Technical analysis covers a number of areas: chart patterns, indicators, and money management (although the last would apply to FA as well).

Classic chart patterns cover things like trend lines, triangles, flags, and gaps. The bible for this stuff is "The Technical Analysis of Stock Trends" by Edwards & Magee. A pretty dry read, not cheap to buy, and based on the US markets of the 1930s-1950s, but I think pretty much compulsory reading.

If you're interested in candlestick charting, with all those wonderful names out of Asian kung-fu movies , there are a number of books on that, one of the best known perhaps being Louise Bedford's book (which I've never read myself).

A lot of the more modern books cover indicators. There are more than 200 widely-known indicators, of which any one person I think would typically only use a few they liked. You can really get carried away with these things, and read all sorts of things into them, but at the end of the day I personally don't think they're all that important, unless perhaps you want to do very short-term trading. I look at a few, but find chart patterns, basic moving averages, and simple stop/loss methods the most useful.
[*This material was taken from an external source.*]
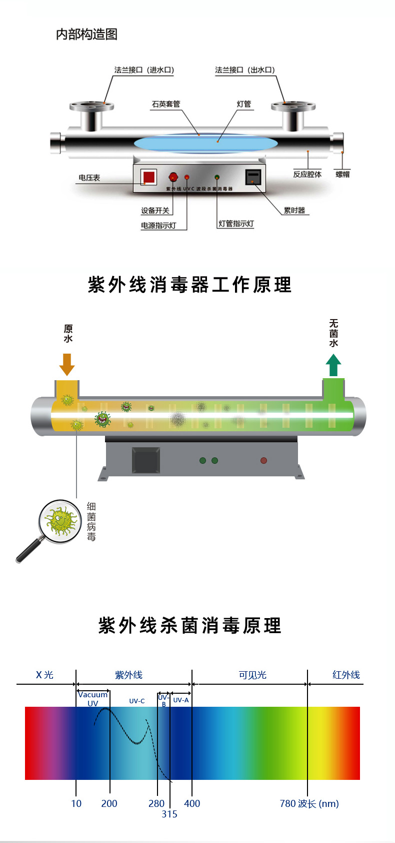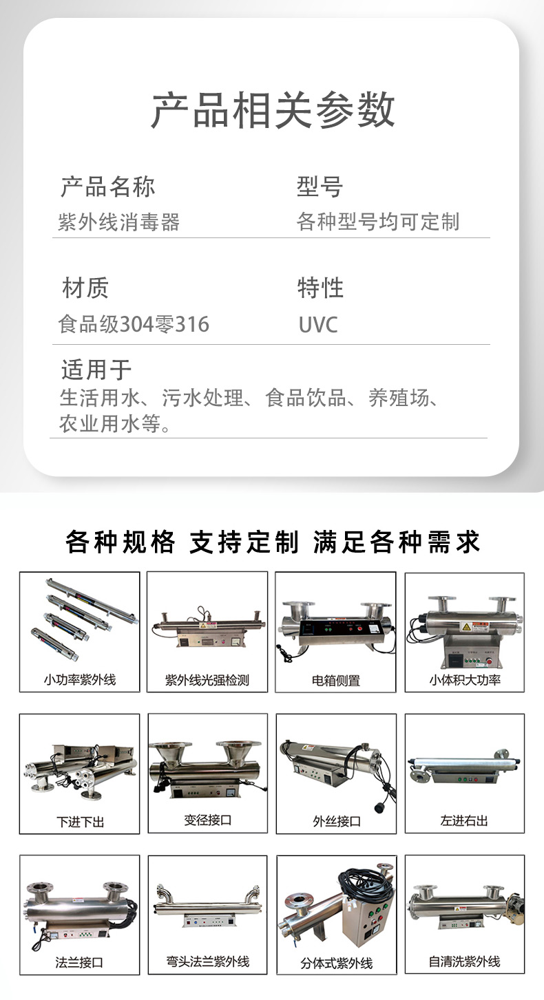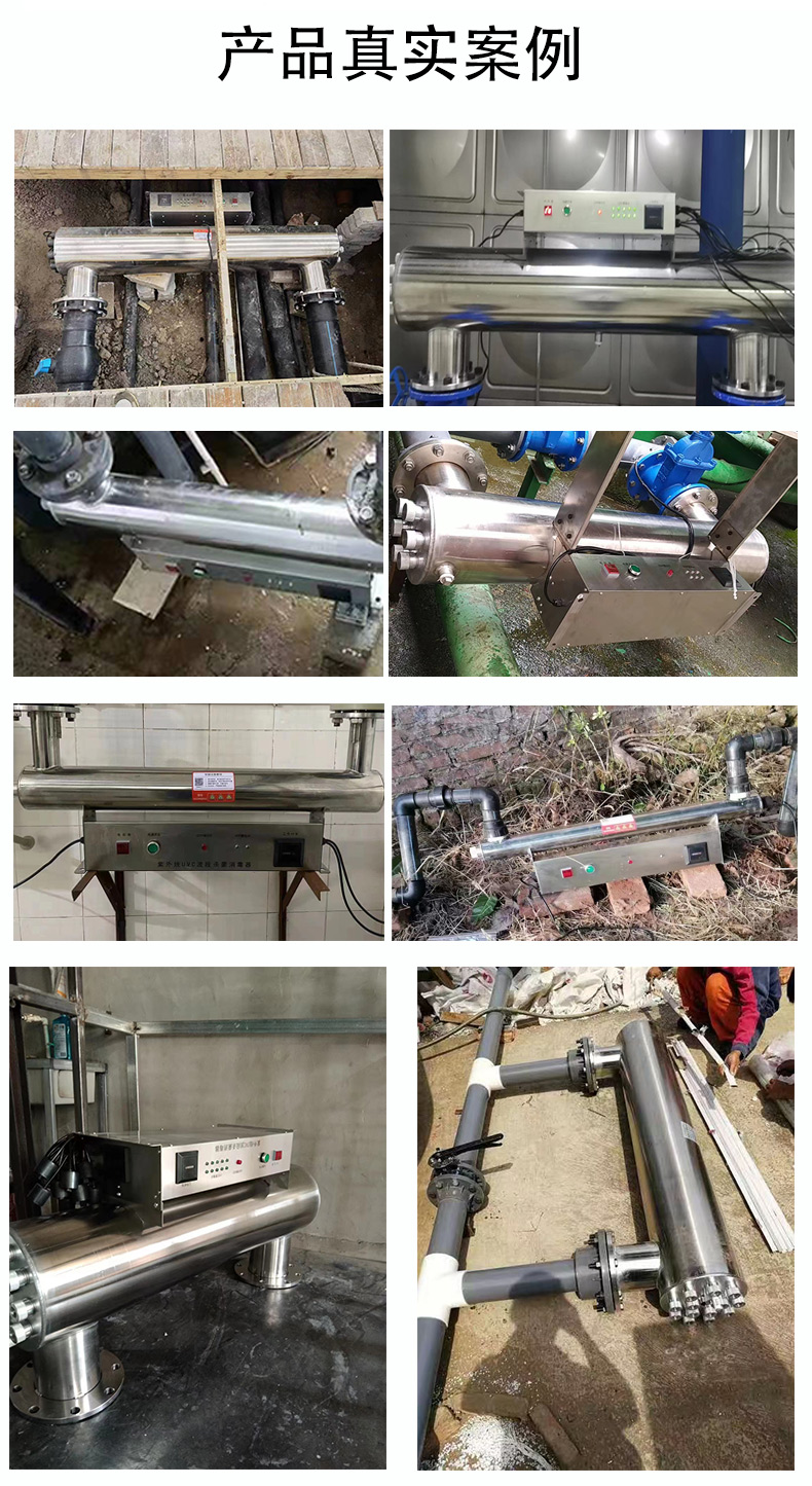 紫外線消毒器應用范圍廣,像小區供水,二次供水,養殖場,污水處理等等,殺菌率高達99.9%,效率高

Then there are other theories out there which some subscribe to like Elliot Wave, Gann, and Fibonacci sequences. Not ones I've looked at closely myself.

There's another thread or two on here that covers various books worth reading, but for technical analysis in general, I found Leon Wilson's "The Business of Share Trading" pretty good. Daryl Guppy's books aren't bad either, but tend to be a bit repetitive and he really hammers on his own methods (ie. Guppy multiple moving averages and countback lines).

Money management covers stop/loss and position sizing techniques to limit losses and maximize gains. Basically it's all about letting profits run and cutting losses short.  The hard part of course is deciding when a falling price is a failed uptrend that needs to be terminated or just a consolidation before further gains. Typical stop/loss techniques take price volatility into consideration to help account for this. All books on TA should discuss this topic to some extent.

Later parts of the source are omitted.